Edition 44: 10 May 2017
Editorial Team:
Orçun Çetinkaya, LL.M., Ezgi Baklacı, LL.M., and Pelin Oğuzer, LL.M.
Rules Tightened in Turkey for Identifying and Storing Information about Internet Users, Plus Filtering Criminal Content

Turkey has tightened rules for collective internet use providers, introducing more detailed requirements for filtering and monitoring internet users. Collective internet use providers are defined as real persons or legal entities which provide internet for a certain amount of time, or for a certain area. For example, hotels, convention centers, or schools. Under the changes, these providers must now introduce more detailed systems to filter online criminal content, as well as identify internet users. They must also now store users’ access details for two years.

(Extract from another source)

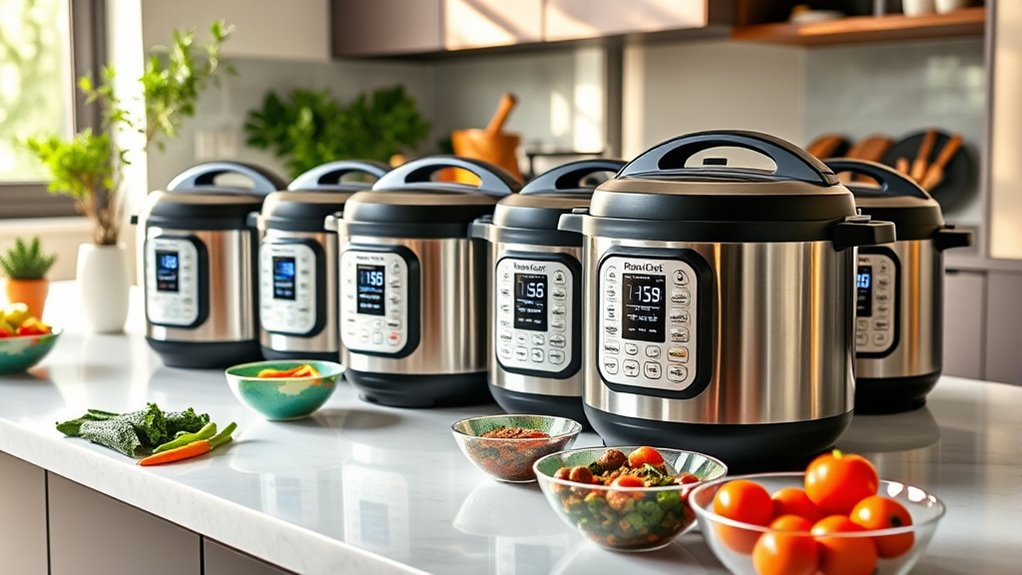 - Large capacities support family-sized meals, with advanced safety features ensuring secure operation during pressure cooking.

The Regulation on Collective Internet Use Providers (“Regulation”) was published in Official Gazette numbered 30035 on 11 April 2017, entering into effect on the same date.

The Regulation introduces new obligations for collective internet use providers, which must now:

– Apply a more detailed filter system to identify criminal content.

– Develop systems to identify internet users in public places (for example, internet cafes), such as via short message services (SMS) to identify users.

– Record users’ access details and store the data for two years. There were previously no recording and storage requirements.

Please see this link for full text of the Regulation (only available in Turkish).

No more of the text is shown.